Travelers should see a physician before leaving for a trip if they are going
to developing countries, going off the usual tourist routes, or if they have
chronic diseases that could be affected by travel. Travelers should protect
themselves against common diseases that may be mild but that will disrupt their
trip as well as protecting themselves against less common diseases that may be
serious or even fatal. Some foreign countries require certain vaccinations
before they will allow the traveler to enter the country. All travelers need to
be up to date on routine vaccines they would normally get if they were not
traveling (for example, an annual influenza vaccination if indicated). No
vaccinations are required for re-entry into the United States for foreign
travelers.
What diseases occur in travelers, and how can disease be prevented?

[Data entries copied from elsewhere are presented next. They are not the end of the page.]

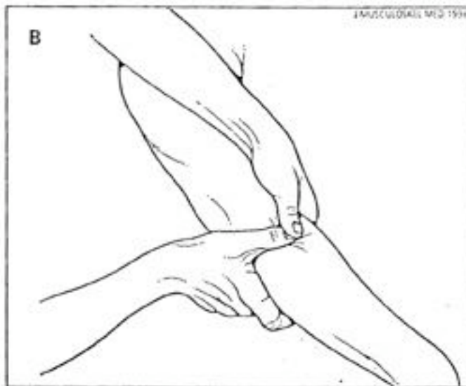
Figure 2 - In this illustration of active release therapy, the therapist is working on the extensor carpi radialis longus and brevis muscles by applying pressure to the muscles distal to their attachment at the elbow. The patient starts with the elbow bent and wrist straight (A). As the therapist holds the muscles, the patient extends the elbow and pronates and flexes the wrist while the therapist moves the pressure proximally (B), attempting to release adhesions around and between muscle planes. The patient can subsequently perform similar maneuvers at home.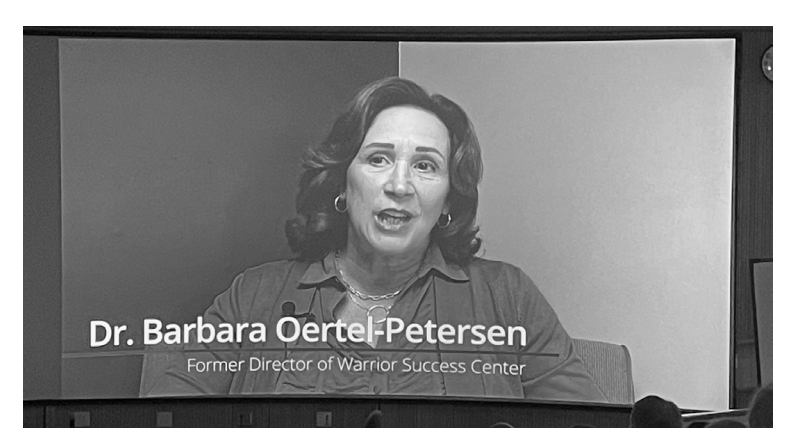
A SHOT FROM BARB'S DOCUMENTARY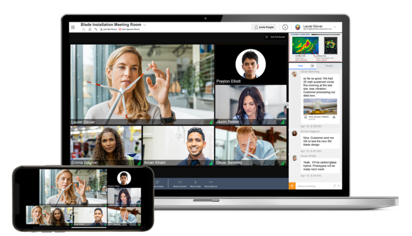
Figure 1: Avaya Spaces in action, featuring meetings and chat.

Avaya Spaces puts the focus on the work, not on the modality. With a completely revamped set of features, including chat and file sharing, Avaya goes beyond the heritage of meetings. Many offerings focus on either messaging or meetings. The integration component is often an afterthought.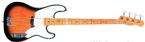
(303) Two-color Sunburst

From his years in The Police to his prolific solo career, Sting has always brought the bass out front in pop music. This '50s Precision Bass guitar features a contoured, Two-color Sunburst ash body with a thick one-piece "C"-shaped maple neck and 20-fret fingerboard. Other features include a vintage single-coil pickup that delivers that classic tone, Sting's signature in the block pearl inlay at the 12th fret, a vintage two-saddle bridge, reverse tuning machines and a single-ply white pickguard. Deluxe gig bag included. Available in Two-color Sunburst (303).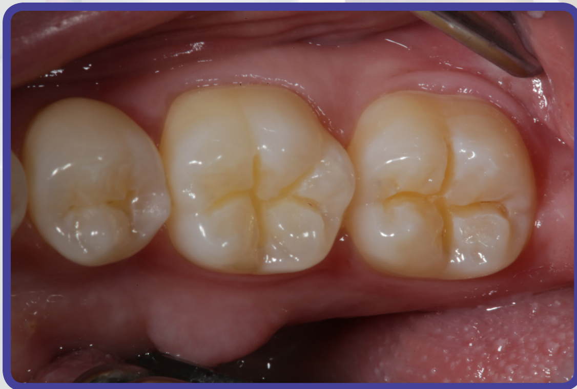
Fig 1. Micro preparation of pits and grooves using a fissurotomy bur (SS White).

Bioactive materials like ACTIVA BioACTIVE-RESTORATIVE can be used for a wide variety of clinical applications, including minimally invasive restorations. Figure 1 shows a micro preparation to conserve a maximum amount of tooth structure after decay was detected in the occlusal pits and grooves of teeth Nos. 29, 30, and 31. ACTIVA seals the enamel and dentin (Figure 2), protecting against microleakage. Placement is simple thanks to the precision of the metal cannula delivery system, eliminating excess and requiring minimal or no finishing.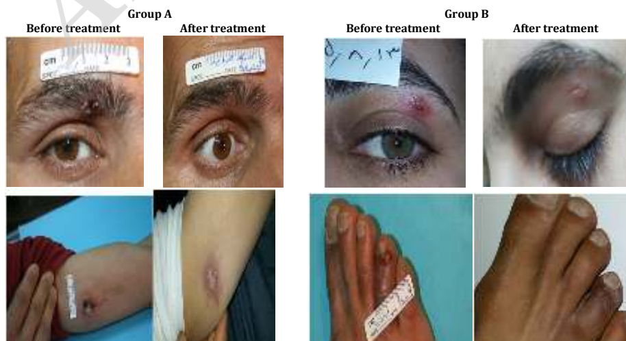
Figure 3. The size of CL lesion. Group A: test group treated with ozonated olive oil and glucantime. Group B: control group treated with glucantime alone.

Although ozone therapy requires the gaseous form to be more effective, it has been proposed that the base oils such as olive oil, during the ozonation processes can engage O_3 in the form of a stable ozonide (35). The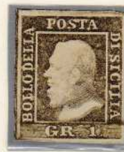
GR. 1 olive brown gray (second state)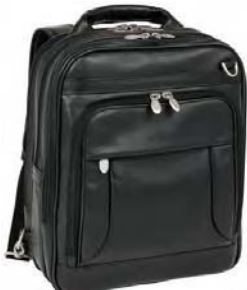
LINCOLN PARK | 4165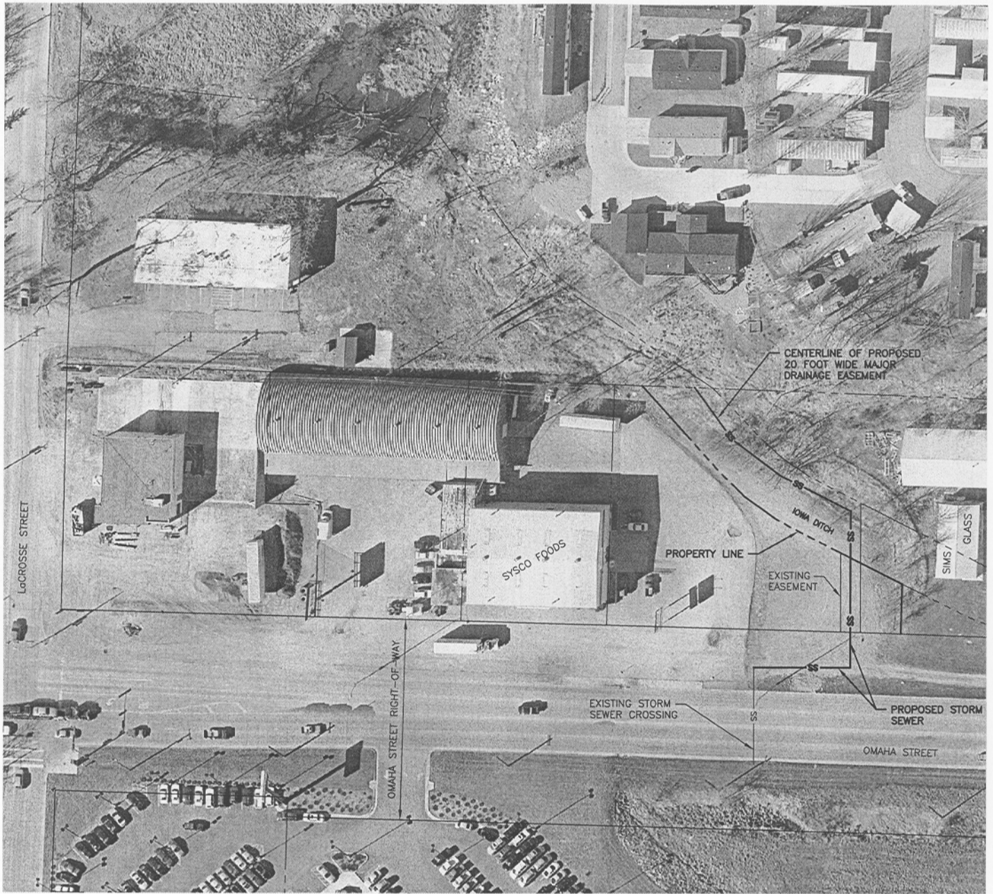
EXHIBIT A DRAINAGE EASEMENT LOCATED ON SIMS PROPERTY 720 E. OMAHA STREET DECEMBER 4, 2002

:\engring\projects\0000 Miscellaneous\dwg\0000EXBT-KNOLLWOOD.dwg, 12/04/2002 09:29:41 AM, Michael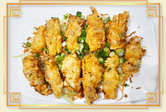
百花让吊片 Stir Fried Silver Fish, Jicama, Squid w. Chives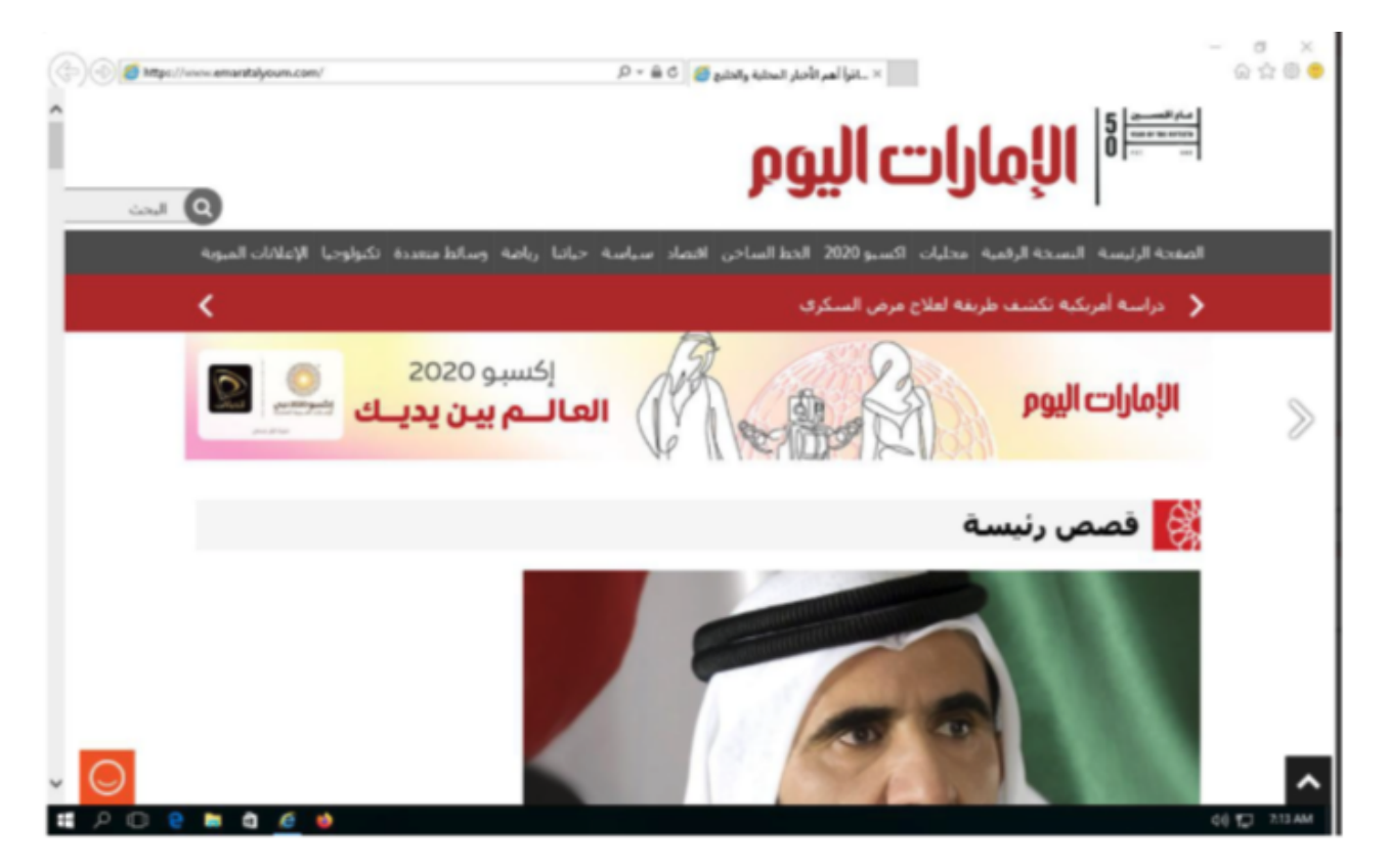
Figure 2. Benign redirect to legitimate news site https[:]www[.]emaratalyoum[.]com.

https[:]//www[.]uggboots4sale[.]com/news15112021.php, in the phishing email was geofenced to the targeted countries. If the target's IP address fits into the targeted region, the user would be redirected to the RAR file download containing the latest TA402 implant, NimbleMamba. If outside the target area, the user would be redirected to a legitimate news site, Figure 2.

Travelers can pick up infections from contaminated food or water, from insect
bites, animal bites, or from other people. Vaccinations, medications, and simple
precautions can reduce or eliminate the risk of many of these travel-related
infections. While infections are the most common problem for travelers, it is
important to remember that the most common cause of death in travelers is motor
vehicle accidents. Be sure to look both ways before crossing the street, don't
get in the car if the driver is drunk, and use seatbelts if available both at
home and when traveling.
This review will only cover diseases commonly encountered by travelers or
those for which vaccinations are recommended. For a more complete discussion,
please refer to the CDC travel medicine Web site (http://www.cdc.gov).
Traveler's diarrhea
Traveler's diarrhea is the most common medical complaint in travelers. It
occurs when infectious organisms are ingested by travelers, resulting in one to five
days of loose stools. The stools are often watery and may be accompanied by
abdominal cramps. Up to half of travelers to developing countries will get
traveler's diarrhea. Although not fatal, traveler's diarrhea can cause
dehydration, vomiting, low-grade fever, and discomfort to the point that some
travelers have to change their itinerary. It is important to note that
traveler's diarrhea is not associated with bloody stools, severe abdominal pain,
or high fever. These symptoms are suggestive of more serious conditions and
should prompt medical attention.
Traveler's diarrhea is spread when bacteria or other infectious agents are
ingested. It can be spread through contaminated food or water, or by putting
contaminated hands in the mouth. Even small amounts of contamination can cause
disease.
Travelers can get diarrhea in most areas of the world, but some countries
pose a higher risk. High risk areas include most of Asia, the Middle East,
Africa, and Central and South America. Risk is increased if the traveler is
adventurous with his or her diet, eats from street vendors, or travelers to
areas off the usual tourist routes.
Protective measures may help prevent or shorten the duration of traveler's
diarrhea. All travelers should wash their hands often and understand basic food
and water precautions (see below). However, it has been shown that many people
will still choose to eat foods that pose an increased risk of traveler's
diarrhea. Therefore, travelers at risk should carry along an antimotility agent
such as loperamide and start taking it if they get symptoms. Bismuth subsalicylate
is also helpful.
Many physicians also recommend that travelers carry along an antibiotic to
take in case they get diarrhea. Fluoroquinolones, azithromycin, or rifaximin are
those that are often used. Because organisms are developing resistance, many of
the older antibiotics do not work well. If an antimotility agent and an
antibiotic are started at the first sign of diarrhea, symptoms may be shortened
to only a few hours instead of a few days. In rare cases, physicians might
prescribe daily antibiotics or daily bismuth subsalicylate to prevent diarrhea,
but this is not needed for most travelers. Affected people should stay hydrated.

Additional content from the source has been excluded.